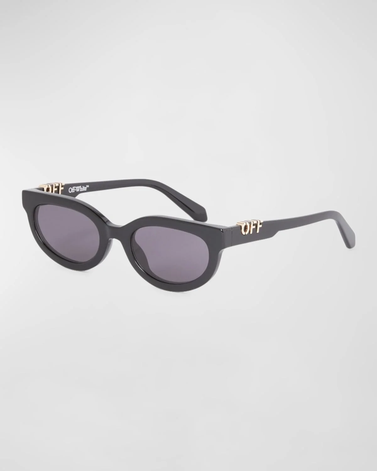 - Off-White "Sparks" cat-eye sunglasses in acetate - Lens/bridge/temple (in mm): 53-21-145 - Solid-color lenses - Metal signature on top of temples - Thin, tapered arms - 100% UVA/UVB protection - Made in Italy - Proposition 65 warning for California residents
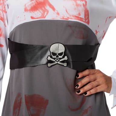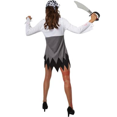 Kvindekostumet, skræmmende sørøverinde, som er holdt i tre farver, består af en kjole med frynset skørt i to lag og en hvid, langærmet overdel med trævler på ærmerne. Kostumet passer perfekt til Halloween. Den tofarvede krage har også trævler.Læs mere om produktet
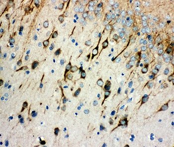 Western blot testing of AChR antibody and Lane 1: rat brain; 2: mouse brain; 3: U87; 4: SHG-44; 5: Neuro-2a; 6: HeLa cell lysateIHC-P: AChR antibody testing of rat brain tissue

-=-=-=-=-

- WHAT YOU ARE ASKED TO DO
The expected output is the lines from the line that contains "Kvindekostumet, skræmmende sørøverinde, som" through the last line of the material, reproduced exactly, with both ends present and pictures absent.

- RESPONSE TO THIS TASK
 Kvindekostumet, skræmmende sørøverinde, som er holdt i tre farver, består af en kjole med frynset skørt i to lag og en hvid, langærmet overdel med trævler på ærmerne. Kostumet passer perfekt til Halloween. Den tofarvede krage har også trævler.Læs mere om produktet
 Western blot testing of AChR antibody and Lane 1: rat brain; 2: mouse brain; 3: U87; 4: SHG-44; 5: Neuro-2a; 6: HeLa cell lysateIHC-P: AChR antibody testing of rat brain tissue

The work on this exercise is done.